- Theatrical release poster
- Directed by: V. Madhusudhana Rao
- Written by: Anasuya Shankar
- Based on: Sharapanjara (Kannada)
- Produced by: U. V. Suryanarayana Raju
- Starring: Krishnam Raju; Vanisri;
- Edited by: Marthand
- Music by: Vijaya Bhaskar
- Production company: Gopi Krishna Movies
- Distributed by: Narendra International
- Release date: 1974;
- Country: India
- Language: Telugu

= Krishnaveni (film) =

Krishnaveni is a 1974 Indian Telugu-language film directed by V. Madhusudhana Rao, starring Krishnam Raju and Vanisri, under the banner of Gopikrishna Movies. The film received critical acclaim and commercial success upon release. The movie was about a woman suffering from hysteria and the emotional trauma for her family. It is a remake of the Kannada hit film Sharapanjara (1971).

==Plot==

The movie starts with the marriage of a young couple, Krishnaveni (Vanisri) and Krishnamraju, and continues with a happy family life with kids.

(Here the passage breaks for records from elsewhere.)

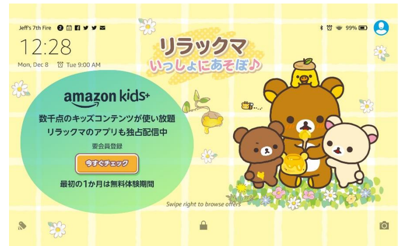
リラックマ いっしょにあそぼ♪ 2021年8月4日 提供開始
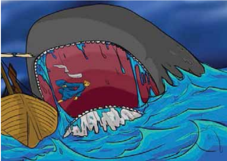
Gambar ikan besar menelan Yunus

Orang-orang itu bertanya, “apa yang dapat kami lakukan untuk menghentikan badai itu?” Jawab Yunus, “lemparkanlah aku dari kapal ini ke dalam laut yang dilanda badai itu. Lalu badai akan surut.” Orang-orang itu tidak mau melakukannya. Mereka terus-menerus berusaha mendayung kapal
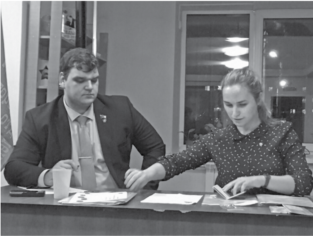
Идет бюро обкома ЛКСМ РФ
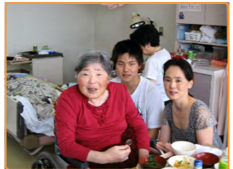
家族会 でも、私の一番は家族です

The couple decides to go to a tourist place called [Srisailam]. Krishnaveni has subconscious bad memories of her childhood abuse and the place where she was molested. She starts having hallucinations, overwhelming fear and other symptoms of mental illness. She is sent to a mental hospital and treated by psychologists. After her return from hospital, she is not welcomed back by her family members, kids, neighbours or even her friends. Society is afraid of her disease. Evil people misuse this opportunity. Slight disagreements or arguments are also treated as a sign of her disease. She cannot regain the affection of her husband and kids. Her misfortunes continue until she becomes ill again. The movie ends on a sad note, but conveys a message about society's misconceptions about mental illness.

==Cast==
- Krishnam Raju as Satyanarayana Murty
- Vanisri as Krishnaveni
- Gummadi as Krishnaveni's father
- Anjali Devi as Krishaveni's mother
- M. Balaiah
- Pandari Bai as Satyanarayana's elder sister
- Raja Babu as Bheemanna
- Rama Prabha as Kamakshi
- Nirmalamma as Sundaramna
- Manju Bhargavi as Leela

==Soundtrack==
The soundtrack features 5 songs.

- "Krishnaveni, Teluginti viriboni, Krishnaveni, Naa inti aliveni" - Lyrics written by C. Narayana Reddy. Sung by P. Susheela and V. Ramakrishna.
- "Sreesaila Mallayya" - Lyrics written by C. Narayana Reddy. Sung by P. Susheela.
- "Sangeetam madhurasangeetam" - Sung by P. Susheela.
- "Padunalegellu vanavamegi marali vacchenu Sita, Parama pavani aa maatha" - P. Susheela
- "Enduko nuvvu naato unna vela inta hayi" - P. Susheela, V. Ramakrishna.